Aggregate future minimum rental payments on a cash basis required under
operating leases for office and manufacturing space which have initial or
remaining non-cancelable lease terms in excess of one year are as follows:
Year ending June 30,
- --------------------------------------------------------------------------------
1997 $ 754,700
1998 729,900
1999 752,700
2000 778,600
2001 809,800
Thereafter 1,228,800
- --------------------------------------------------------------------------------
$5,048,500
================================================================================
Rent expense charged to operations was $798,300, $609,000, and $608,900 for the
years ended June 30, 1996, 1995 and 1994, respectively.
5. ANALYSIS OF RESERVE ACCOUNTS
Balance at Beginning Additions Charged to Balance at
of Year Expense Deductions End of Year
- ---------------------------------------------------------------------------------------------------------
Allowance for doubtful accounts:
June 30, 1996 $168,800 $ 12,000 -- $180,800
June 30, 1995 $144,300 $ 24,500 -- $168,800
June 30, 1994 $120,000 $ 24,800 $ 500 $144,300
Reserve for inventory:
June 30, 1996 $545,400 -- $ 62,900 $482,500
June 30, 1995 $554,400 -- $ 9,000 $545,400
June 30, 1994 $513,800 $ 47,100 $ 6,500 $554,400
6. BENEFIT PLANS
The Company has an Officers, Directors and Key Employee Incentive Plan (the
"1981 Plan") authorizing stock options, stock bonuses and cash incentive awards,
and an Incentive Stock Option, Nonqualified Stock Option and Restricted Stock
Purchase Plan - 1987 (the "1987 Plan") authorizing stock options and rights to
purchase restricted stock. Stock options granted under these Plans may be either
incentive stock options as defined in the Internal Revenue Code ("incentive
options"), or options that do not qualify as incentive options ("non-qualified
options"). The number of shares of the Company's common stock approved for
issuance under the 1981 Plan and the 1987 Plan is 487,500 and 1,000,000,
respectively.
The Company realized a tax benefit of $8,200 and $12,300 in 1996 and 1995,
respectively, from the exercise of non-qualified stock options and disqualifying
dispositions of incentive stock options. No charges have been made to income in
accounting for the options.
23
24
During the year ended June 30, 1991 the Company loaned $100,000 to the President
and Chairman of the Board for the exercise of Gish common stock options.

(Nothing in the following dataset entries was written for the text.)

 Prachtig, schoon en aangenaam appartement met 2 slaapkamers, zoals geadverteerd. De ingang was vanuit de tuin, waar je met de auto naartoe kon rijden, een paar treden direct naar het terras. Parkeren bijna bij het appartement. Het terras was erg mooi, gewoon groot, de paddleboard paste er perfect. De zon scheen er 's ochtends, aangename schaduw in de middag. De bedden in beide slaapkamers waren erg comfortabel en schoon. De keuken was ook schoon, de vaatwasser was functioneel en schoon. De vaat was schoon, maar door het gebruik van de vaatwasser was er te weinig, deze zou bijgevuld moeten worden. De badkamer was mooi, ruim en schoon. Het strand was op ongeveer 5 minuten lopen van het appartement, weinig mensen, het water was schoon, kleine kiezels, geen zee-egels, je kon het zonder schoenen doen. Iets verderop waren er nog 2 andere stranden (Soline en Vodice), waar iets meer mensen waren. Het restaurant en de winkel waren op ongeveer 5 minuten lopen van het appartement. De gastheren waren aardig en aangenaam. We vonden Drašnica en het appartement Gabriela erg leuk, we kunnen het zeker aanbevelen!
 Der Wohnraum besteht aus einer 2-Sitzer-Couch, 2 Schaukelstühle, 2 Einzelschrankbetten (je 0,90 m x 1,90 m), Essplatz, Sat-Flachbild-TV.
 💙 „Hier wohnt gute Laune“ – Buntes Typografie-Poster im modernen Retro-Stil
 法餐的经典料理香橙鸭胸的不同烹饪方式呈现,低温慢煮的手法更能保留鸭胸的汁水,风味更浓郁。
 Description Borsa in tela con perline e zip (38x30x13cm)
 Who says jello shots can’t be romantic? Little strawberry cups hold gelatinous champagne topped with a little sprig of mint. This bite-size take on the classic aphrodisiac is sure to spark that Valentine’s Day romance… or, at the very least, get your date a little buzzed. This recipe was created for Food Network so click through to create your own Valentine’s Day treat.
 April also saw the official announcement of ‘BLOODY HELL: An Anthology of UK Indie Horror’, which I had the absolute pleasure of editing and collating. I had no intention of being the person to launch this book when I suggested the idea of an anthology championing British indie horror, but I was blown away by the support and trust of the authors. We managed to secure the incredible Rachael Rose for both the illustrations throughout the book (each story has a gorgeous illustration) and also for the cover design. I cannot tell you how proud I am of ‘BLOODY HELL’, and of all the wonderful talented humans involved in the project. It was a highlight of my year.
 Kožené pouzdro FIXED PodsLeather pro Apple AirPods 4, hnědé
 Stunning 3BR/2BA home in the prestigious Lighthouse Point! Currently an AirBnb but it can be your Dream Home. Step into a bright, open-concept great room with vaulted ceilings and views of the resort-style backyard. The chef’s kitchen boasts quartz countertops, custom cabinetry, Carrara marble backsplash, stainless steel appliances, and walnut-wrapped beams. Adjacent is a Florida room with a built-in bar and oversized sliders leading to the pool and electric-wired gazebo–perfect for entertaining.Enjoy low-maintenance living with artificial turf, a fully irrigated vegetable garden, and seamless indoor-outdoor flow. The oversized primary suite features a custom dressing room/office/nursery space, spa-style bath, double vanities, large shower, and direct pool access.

A
principal payment of $10,000 was made and the note was renewed during the year
ended June 30, 1996. The note is secured by Company stock, bears interest at
5.5% and is due within one year.
The following table sets forth the status of stock options granted at fair
market value at the date of grant under the 1981 and 1987 plans combined:
Number of Shares Average Price Per Share
Options outstanding at June 30, 1994 689,012 $5.78
- -----------------------------------------------------------------------------------------------
Granted 398,625 5.68
Canceled (224,000) 9.34
Exercised (71,000) 4.25
- -----------------------------------------------------------------------------------------------
Options outstanding at June 30, 1995 792,637 4.85
Granted 25,000 5.75
Canceled (1,500) 6.38
Exercised (22,075) 2.85
- -----------------------------------------------------------------------------------------------
Options outstanding at June 30, 1996 794,062 $4.94
===============================================================================================
As of June 30, 1996, 2,612,787 options had been granted of which 727,877 are
exercisable. Additionally, 10,035 options remain available for grant. As of June
30, 1995, 688,767 were exercisable and 33,535 were available for grant.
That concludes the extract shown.